> [WHAT IS BEING ASKED]: Keep the pictures out, and restate the listing that follows exactly as written.

> [SUPPLIED INFORMATION]:
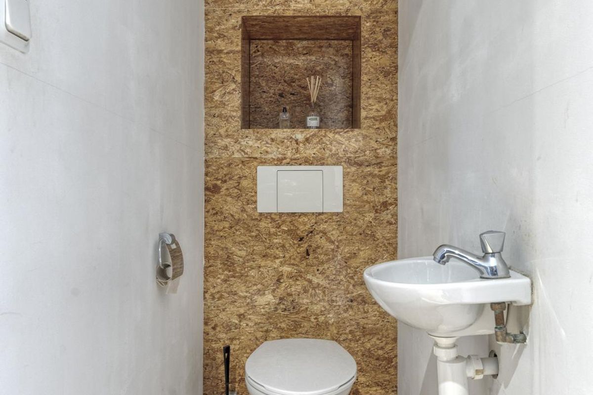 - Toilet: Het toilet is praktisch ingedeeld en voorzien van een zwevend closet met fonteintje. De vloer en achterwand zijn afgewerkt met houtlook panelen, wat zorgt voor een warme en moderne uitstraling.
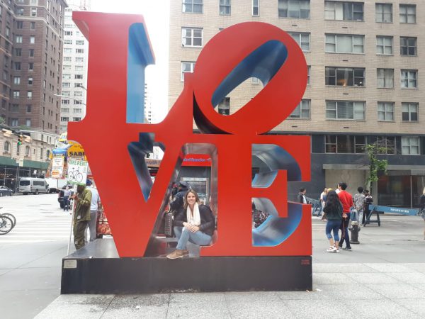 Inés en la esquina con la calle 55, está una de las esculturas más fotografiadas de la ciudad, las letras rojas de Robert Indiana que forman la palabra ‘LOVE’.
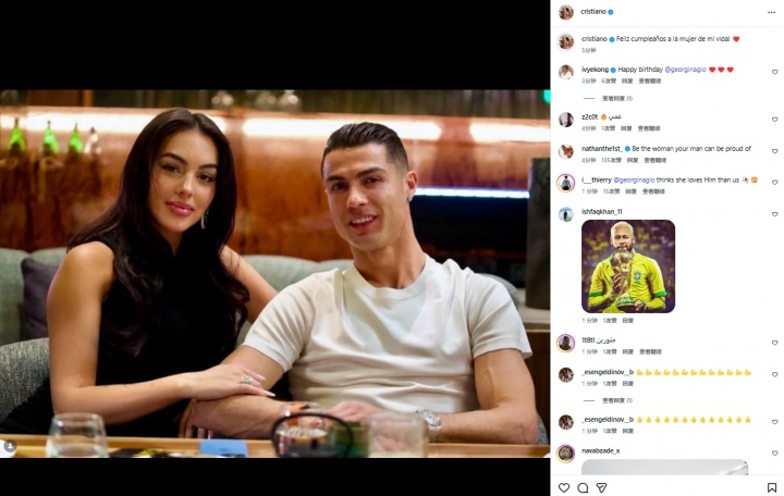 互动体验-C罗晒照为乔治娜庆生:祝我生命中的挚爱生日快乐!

> [SOLUTION FOR THIS TASK]:
 - Toilet: Het toilet is praktisch ingedeeld en voorzien van een zwevend closet met fonteintje. De vloer en achterwand zijn afgewerkt met houtlook panelen, wat zorgt voor een warme en moderne uitstraling.
 Inés en la esquina con la calle 55, está una de las esculturas más fotografiadas de la ciudad, las letras rojas de Robert Indiana que forman la palabra ‘LOVE’.
 互动体验-C罗晒照为乔治娜庆生:祝我生命中的挚爱生日快乐!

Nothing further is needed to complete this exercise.